The reporter promises us that “Mr. Clapper’s comments were his most explicit to date connecting Russia to the hacking operation,” but when we examine the direct quotes therein, we find nothing explicit about them.

Did Clapper said anything remotely like what that reporter claims? One will search his article in vain for quotes substantiating that Clapper said anything of the kind.

The article does quote Clapper. Apparently, Clapper opened his mouth and said some things, and the reporter wrote some of them down. But only in the reporter’s imagination, and perhaps a suggestible reader’s, do those particular quotes amount to saying that Russians hacked the DNC.

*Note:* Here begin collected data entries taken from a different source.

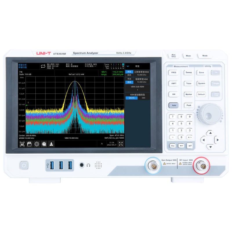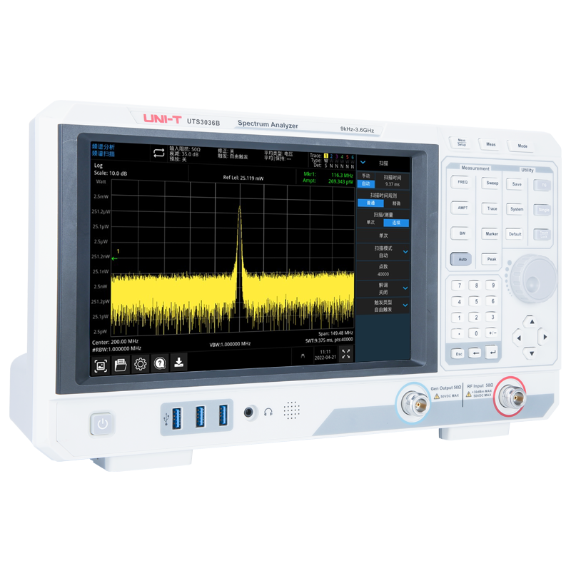 UTS3000B频谱分析仪是一款便携式、功能多样的频谱分析仪,提供9kHz~8.4GHz的频率测量范围分辨率带宽低至1Hz,拥有10.1英寸多点触控显示屏采用成熟的数字中频技术,频率扫描点数高达40001 ,提供更高的分辨率。拥有频谱分析、EMI、高级测量等多种工作模式可应用于电子制造业的功能/终端/质检测试,也适用于无线通信测量,射频微波课程,电磁兼容预扫,半导体测量等众多应用场景中。
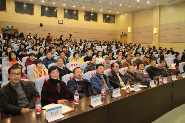 上海外国语大学前党委书记、校长,英语系前系主任戴炜栋教授则代表学院老领导、老教师发表讲话,他深情回顾了学院创办初期的艰辛历程,并对如今学院取得的可喜成果表示赞赏。大会上,英语学院青年教师们向到会的退休教师们献上鲜花,表达了对前辈的敬意与感谢。
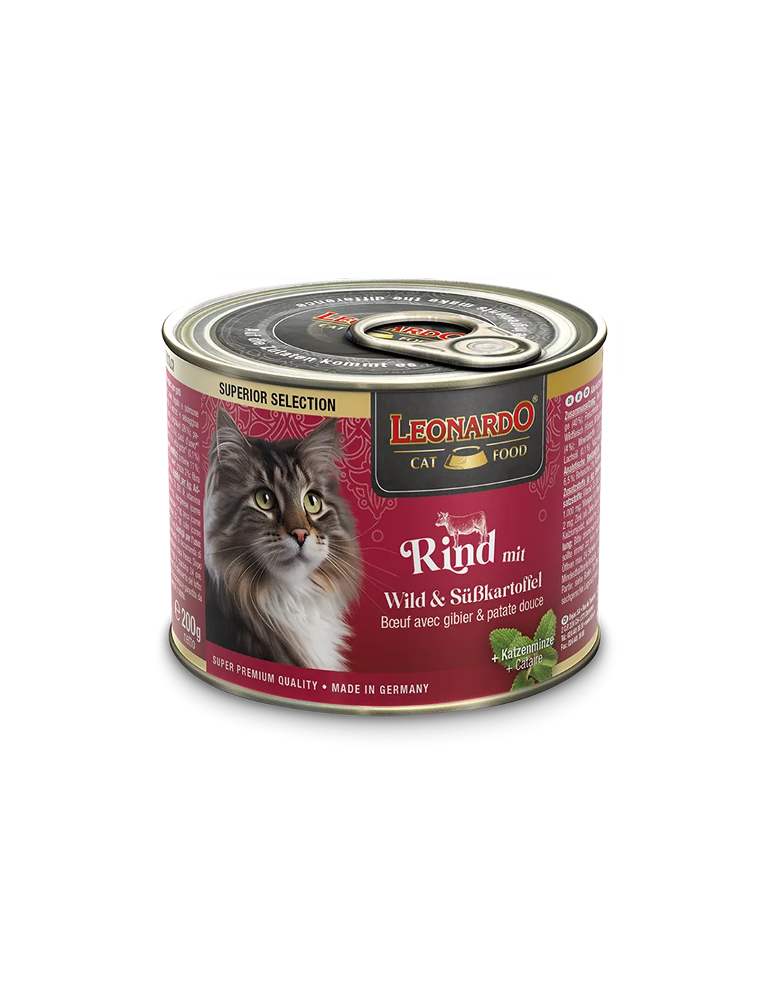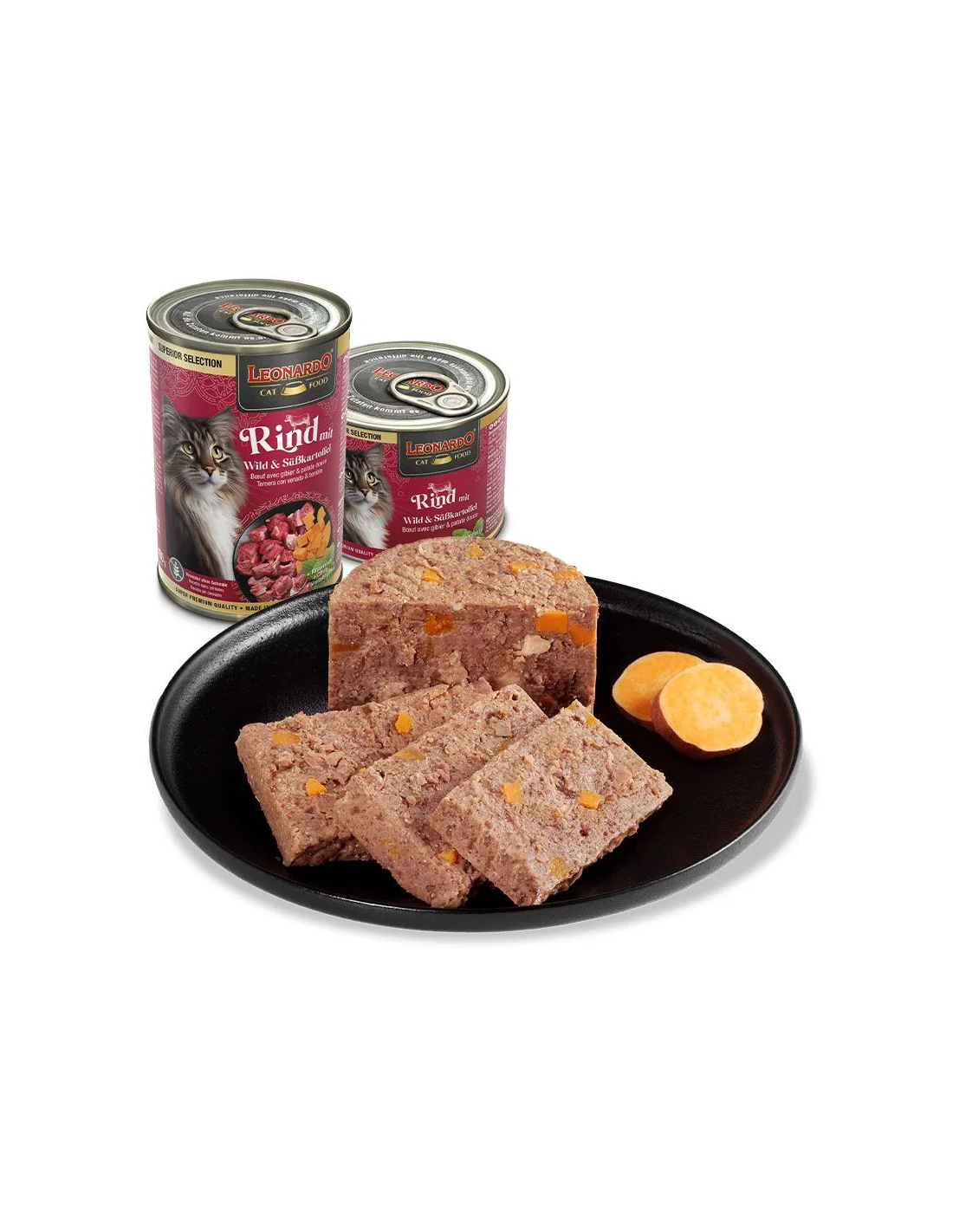 Carne, corazón, hígado y pulmón de ternera (40 %); caldo de carne de venado y ternera (28,8 %); carne de caza (venado, jabalí) (26 %); batata, boniato (4 %); minerales (0,5 %); cáscaras de huevo*¹ (0,5 %); aceite de salmón (0,1 %); menta gatuna*¹ (0,1 %) *¹secado
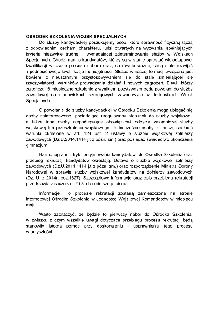 OŚRODEK SZKOLENIA WOJSK SPECJALNYCH Do służby kandydackiej poszukujemy osób, które sprawność fizyczną łączą z odpowiednimi cechami charakteru, ludzi otwartych na wyzwania, spełniających kryteria niezwykle trudnej i wymagającej zdeterminowania służby w Wojskach Specjalnych. Chodzi nam o kandydatów, którzy są w stanie sprostać wieloetapowej kwalifikacji w czasie procesu naboru oraz, co równie ważne, chcą stale rozwijać i podnosić swoje kwalifikacje i umiejętności. Służba w naszej formacji związana jest bowiem z nieustannym przystosowywaniem się do stale zmieniającej się rzeczywistości, warunków prowadzenia działań i nowych zagrożeń. Elewi, którzy zakończą 6 miesięczne szkolenie z wynikiem pozytywnym będą powołani do służby zawodowej na stanowiskach szeregowych zawodowych w Jednostkach Wojsk Specjalnych. O powołanie do służby kandydackiej w Ośrodku Szkolenia mogą ubiegać się osoby zainteresowane, posiadające uregulowany stosunek do służby wojskowej, a także inne osoby niepodlegające obowiązkowi odbycia zasadniczej służby wojskowej lub przeszkolenia wojskowego. Jednocześnie osoby te muszę spełniać warunki określone w art. 124 ust. 2 ustawy o służbie wojskowej żołnierzy zawodowych (Dz.U.2014.1414 j.t z późn. zm.) oraz posiadać świadectwo ukończenia gimnazjum. Harmonogram i tryb przyjmowania kandydatów do Ośrodka Szkolenia oraz przebieg rekrutacji kandydatów określają: Ustawa o służbie wojskowej żołnierzy zawodowych (Dz.U.2014.1414 j.t z późn. zm.) oraz rozporządzenie Ministra Obrony Narodowej w sprawie służby wojskowej kandydatów na żołnierzy zawodowych (Dz. U. z 2014r. poz.1627). Szczegółowe informacje oraz opis przebiegu rekrutacji przedstawia załącznik nr 2 i 3 do niniejszego pisma. Informacje o procesie rekrutacji zostaną zamieszczone na stronie internetowej Ośrodka Szkolenia w Jednostce Wojskowej Komandosów w miesiącu maju. Warto zaznaczyć, że będzie to pierwszy nabór do Ośrodka Szkolenia, w związku z czym wszelkie uwagi dotyczące przebiegu procesu rekrutacji będą stanowiły istotną pomoc przy doskonaleniu i usprawnieniu tego procesu w przyszłości. SZCZEGÓŁOWE INFORMACJE ORAZ OPIS PRZEBIEG REKRUTACJI I. Diagram przebiegu rekrutacji: Kandydaci 1) koniecznie rejestracja na stronie Ośrodka Szkolenia 2) złożenie wniosku wraz z załącznikami do Dyrektor Departamentu MON właściwego ds. kadr za pośrednictwem właściwego WKU W terminie do 30.09.2016 Dyrektor Departamentu MON właściwego ds. kadr za pośrednictwem właściwego WKU : - wniosek ( Załącznik nr 1) - świadectwo ukończenia szkoły - życiorys - odpis skrócony aktu urodzenia - informacja o osobie z Krajowego Rejestru Karnego – nie wcześniej niż 30 dni przed rozpoczęciem rekrutacji (może być dostarczone bezpośrednio przed rozpoczęciem rekrutacji) - inne dokumenty potwierdzające posiadane kwalifikacje, uprawnienia lub umiejętności Komendant OSz - wnioski wraz z załącznikami do OSz WKU - informacja Komendant OSz Powołanie komisji rekrutacyjnej. Kandydaci - informacja o przeprowadzeniu rekrutacji 14 dni przed rekrutacją Komisja rekrutacyjna EGZAMINY (skala punktów w poszczególnych elementach od 1-10) Sprawność fizyczna: - siła, szybkość, wytrzymałość WKU - skierowanie do wojskowej komisji lekarskiej/wojskowej komisji psychologicznej – ustalenie zdolności do zawodowej służby wojskowej Analiza ocen na świadectwie gimnazjalnym Komendant OSz Informacja do WKU o wstępnym zakwalifikowaniu WKU orzeczenie nie później niż do 15.12.2016r. Komisja rekrutacyjna Zakończenie postępowania rekrutacyjnego Rozmowa kwalifikacyjna - predyspozycje, wiedze i motywacje Kandydaci niezakwalifikowani Decyzja o niezakwalifikowaniu do 14 dni od zakończenia postępowania Kandydaci zakwalifikowani Zaświadczenie o zakwalifikowaniu UWAGA! do 7 dni od zakończenia postępowania WKU Kopia zaświadczeń i decyzji II. Wymagania dotyczące kandydatów: 1. O powołanie do służby kandydackiej w Ośrodku Szkolenia mogą ubiegać się osoby zainteresowane, posiadające uregulowany stosunek do służby wojskowej, a także inne osoby niepodlegające obowiązkowi odbycia zasadniczej służby wojskowej lub przeszkolenia wojskowego; 2. Spełniające warunki określone w art. 124 ust.2 ustawy o służbie wojskowej żołnierzy zawodowych (Dz.U.2014.1414 j.t z późn. zm.); a) niekaralny sądownie, b) posiada obywatelstwo polskie, c) zdolność fizyczną i psychiczną do zawodowej służby wojskowej, d) wiek co najmniej 18 lat. 3. Ukończone gimnazjum – załączone świadectwo ukończenia gimnazjum do wniosku – warunek konieczny – w przypadku ukończenia szkoły ponadgimnazjalnej, studiów wyższych świadectwo lub dyplom dołączyć dodatkowo jako załącznik. 4. Dodatkowe punktowane umiejętności jak np. znajomość języka obcego, prawo jazdy kat. C, C+E, inne kursy i szkolenia, dodatkowe uprawnienie oraz dodatkowe kwalifikacje (technik: informatyk/elektronik, gastronom, ratownik medyczny) oraz świadectwa ukończenia szkoły średniej lub dyplomu studiów. III. Inne ważne informacje: 1. Ośrodek Szkolenia nie zapewnia przejazdu, wyżywienia oraz noclegów w czasie egzaminów; 2. Kandydaci mają obowiązek zarejestrować się na stronie internetowej Ośrodka Szkolenia w Jednostce Wojskowej Komandosów (www.commando.mil.pl – planowane uruchomienie rejestracji elektronicznej czerwiec 2016r.) 3. Planowany termin egzaminów przełom październik-listopad 2016 r. (szczegółowa informacja zostanie umieszczona na stronie internetowej po ustaleniu ilości kandydatów); 4. Warunkiem powołania osoby zakwalifikowanej do służby kandydackiej w Ośrodku Szkolenia będzie podpisanie umowy określającej warunki zwrotu poniesionych kosztów na jej utrzymanie i naukę, zgodnie z art. 124 ust. 6 ustawy o służbie wojskowej żołnierzy zawodowych; Egzaminy będą przeprowadzane w JWK w Lublińcu; Okres szkolenia: 6 miesi
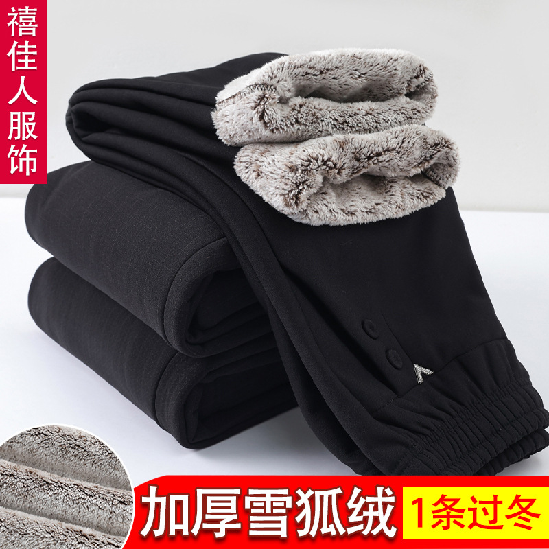 お母さんのズボンの冬の中でお年寄りのズボンとベルベットは厚くてゆったりしています。
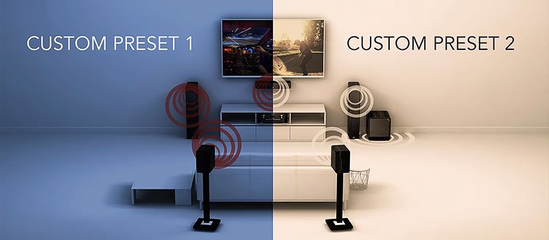 Le nouveau Marantz SR-8015 enregistre deux réglages Audyssey et passe d’un réglage à l’autre à la volée, vous donnant ainsi la liberté de régler votre expérience d’écoute en fonction du contenu ou de l’environnement d’écoute.
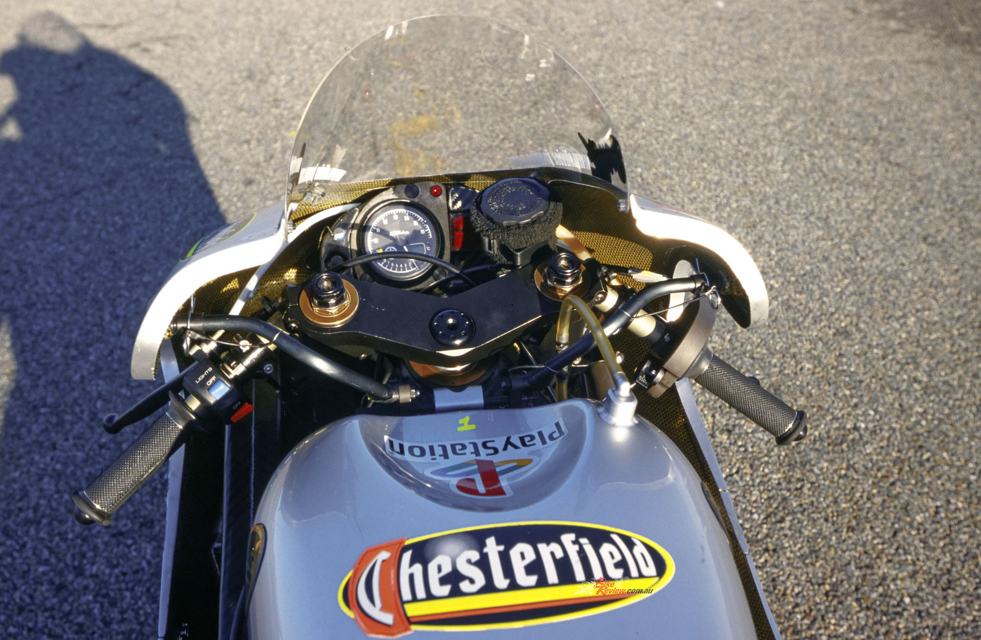 But there was more. Like the beautifully-welded factory-built titanium exhausts surmounted at one end by French MIG silencers, and at the other by Yamaha’s trademark power-valve system. Or the German-made PVM forged magnesium wheels, which saved a crucial 150gr of unsprung weight at the front, compared to cast magalloy ones, and twice as much at the rear.
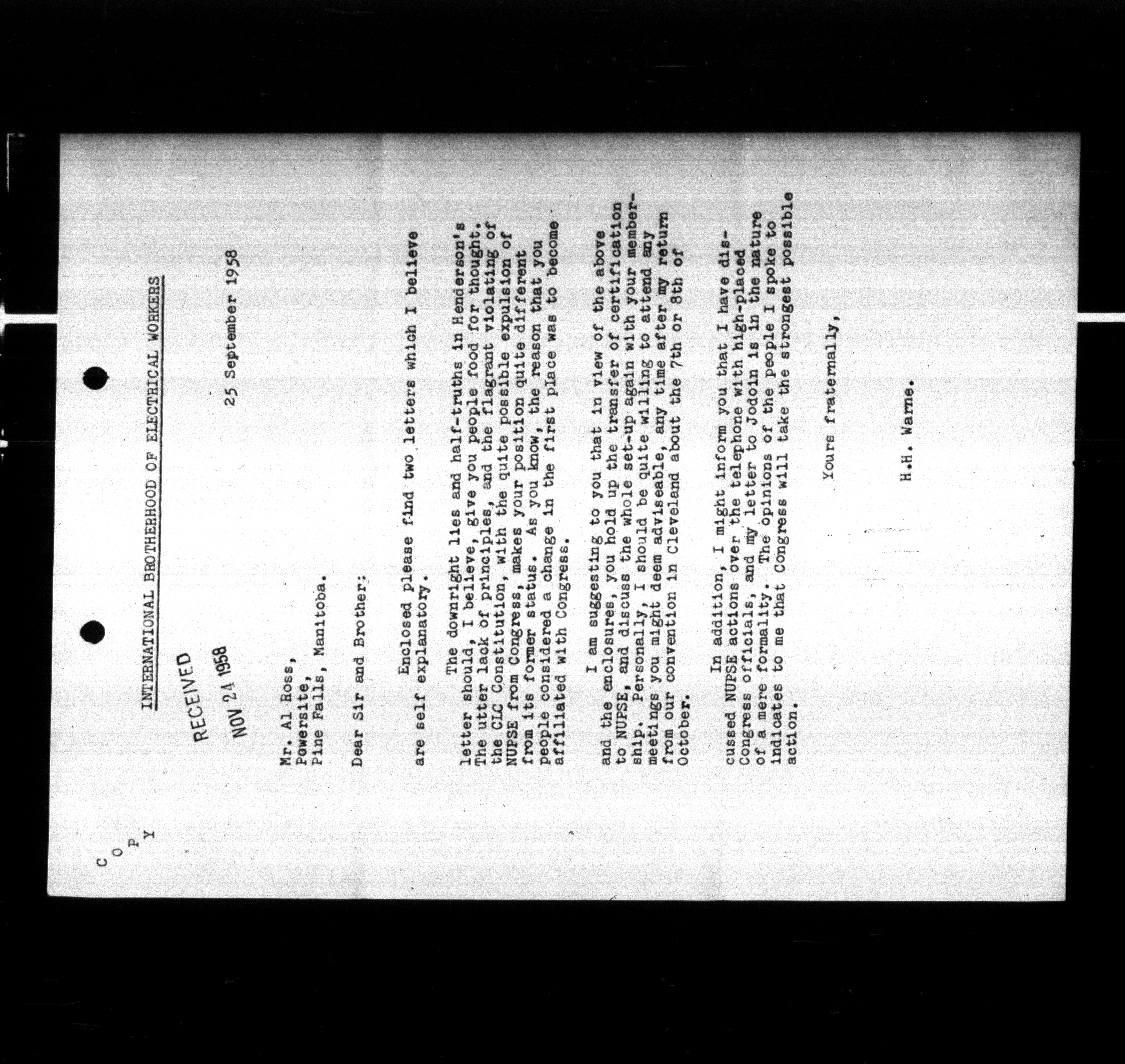Canadian Labour Congress : Organization Department files : H-18

If Damian Paletta, the reporter in question, has other more juicy quotes in his notepad, which actually demonstrate Clapper doing this alleged about-face on his “Calm the fuck down, people” stance, why did he choose not to share them with the public, by putting them in the article? Is the WSJ running low on electronic ink?

A more accurate headline would swap out “U.S. Intelligence Chief” and replace it with “Wall Street Journal Reporter”.

Related: Would you like to know how I knew, way back when, that the Bush administration’s claims about Iraqi WMD were utter bullshit? Because when you searched for potentially substantiating evidence in the news, you came up with the same three bits of pocket lint.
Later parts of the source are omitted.